● **Directions**: Pictures aside, the data must be reproduced exactly.

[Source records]
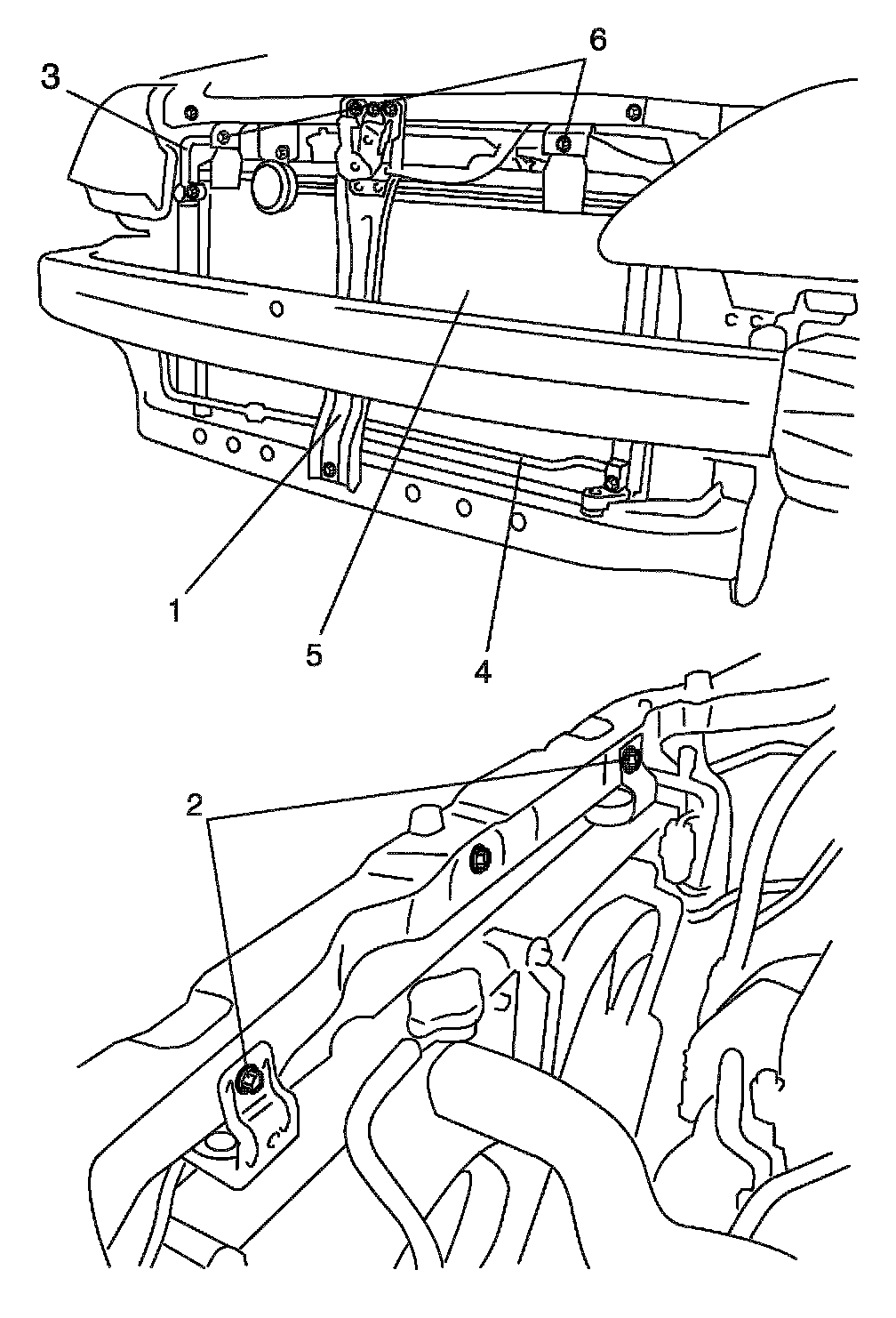 4. Remove hood lock cross member (1) and radiator stay bolts (2).
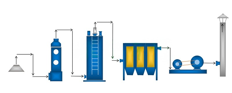 拟处理的垃圾废气考虑运营成本及安全性,工艺路线拟采用以“通风系统(管道、引风机)+ 预处理系统(净化塔)+脱白系统(电磁脱白设备)+深度净化系统(RTO)”为核心工艺来处理该废气。该工艺路线示意图如下:
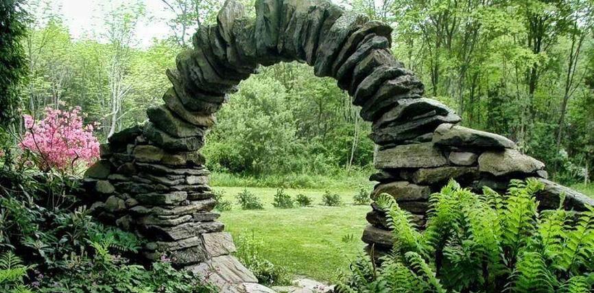The shade garden’s entrance is a circular stone gate that meets the fieldstone walls. The stone circle was chosen to subtly evoke the Celtic mythology of faerie circles, as a quasi-mystical sculptural element.
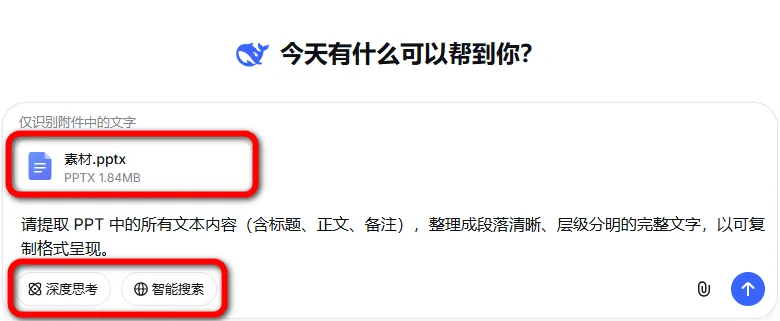 3. 在对话框中输入指令:“请提取 PPT 中的所有文本内容(含标题、正文、备注),整理成段落清晰、层级分明的完整文字,以可复制格式呈现”。
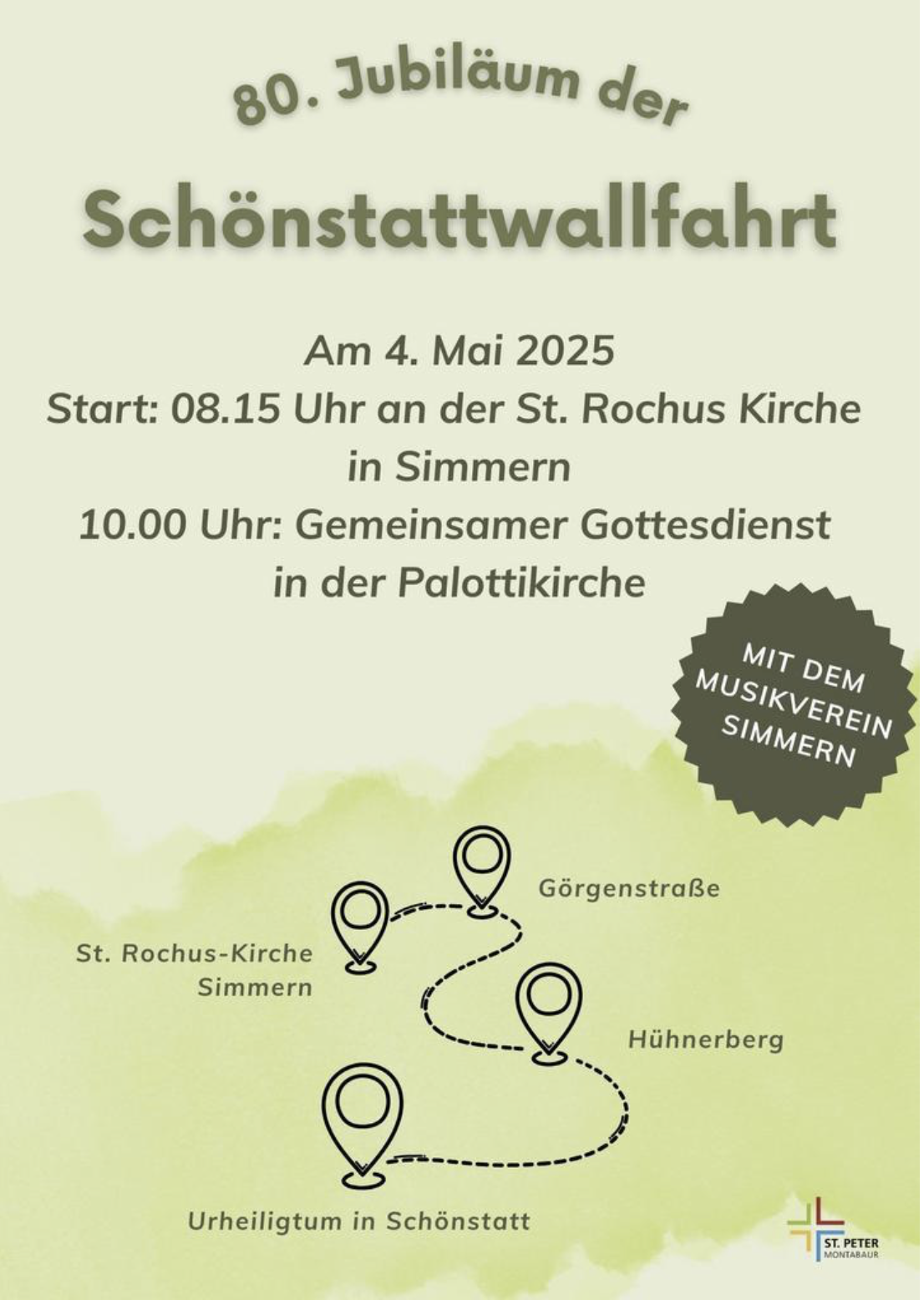 Gelöbnis der Gemeinde St. Rochus Simmern vom 2.2.1945: „Im Angesicht der heiligsten Dreifaltigkeit, in Gegenwart unseres Herrn Jesus Christus, der auf dem Altare thront, im Angesicht der Engel und Heiligen und in geistiger Gemeinschaft mit allen Verstorbenen der Gemeinde geloben und versprechen wir feierlich für alle Zeit: Wir wollen alljährlich am 1. Sonntag im Mai […]
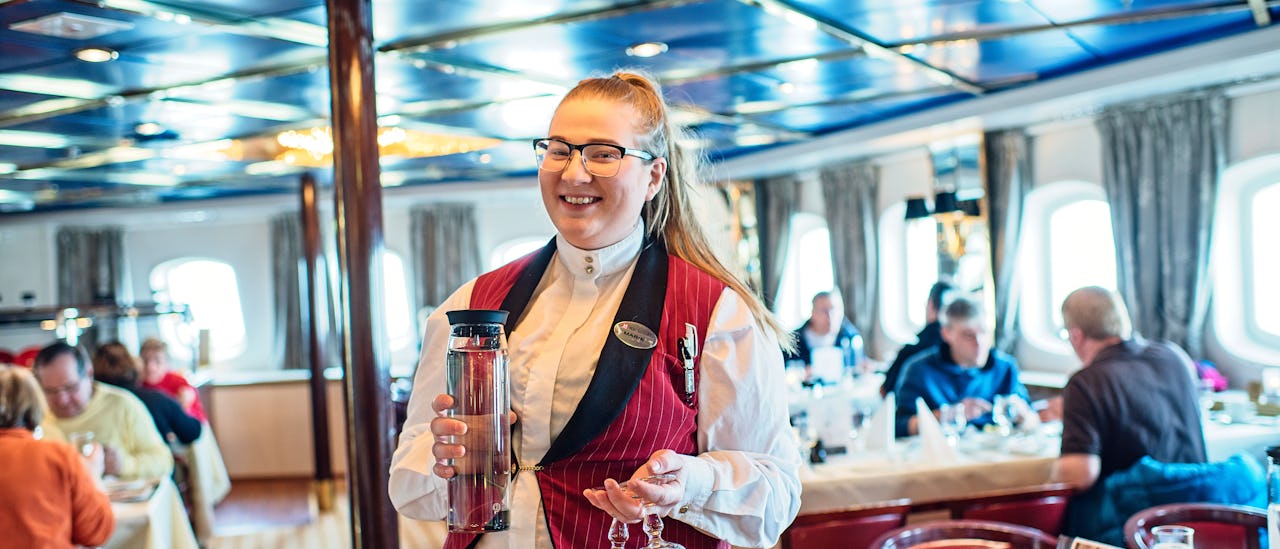Upplev spektakulära kustlandskap med fartyget uppkallat efter Hurtigrutens allra första fartyg. MS Vesterålen är ett av Hurtigrutens mindre fartyg som erbjuder en härligt intim atmosfär.
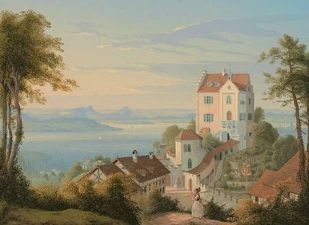 Blick auf die Burg Salenstein, den Zellersee und Radolfszell

● **Output for this exercise**:
 4. Remove hood lock cross member (1) and radiator stay bolts (2).
 拟处理的垃圾废气考虑运营成本及安全性,工艺路线拟采用以“通风系统(管道、引风机)+ 预处理系统(净化塔)+脱白系统(电磁脱白设备)+深度净化系统(RTO)”为核心工艺来处理该废气。该工艺路线示意图如下:
The shade garden’s entrance is a circular stone gate that meets the fieldstone walls. The stone circle was chosen to subtly evoke the Celtic mythology of faerie circles, as a quasi-mystical sculptural element.
 3. 在对话框中输入指令:“请提取 PPT 中的所有文本内容(含标题、正文、备注),整理成段落清晰、层级分明的完整文字,以可复制格式呈现”。
 Gelöbnis der Gemeinde St. Rochus Simmern vom 2.2.1945: „Im Angesicht der heiligsten Dreifaltigkeit, in Gegenwart unseres Herrn Jesus Christus, der auf dem Altare thront, im Angesicht der Engel und Heiligen und in geistiger Gemeinschaft mit allen Verstorbenen der Gemeinde geloben und versprechen wir feierlich für alle Zeit: Wir wollen alljährlich am 1. Sonntag im Mai […]
Upplev spektakulära kustlandskap med fartyget uppkallat efter Hurtigrutens allra första fartyg. MS Vesterålen är ett av Hurtigrutens mindre fartyg som erbjuder en härligt intim atmosfär.
 Blick auf die Burg Salenstein, den Zellersee und Radolfszell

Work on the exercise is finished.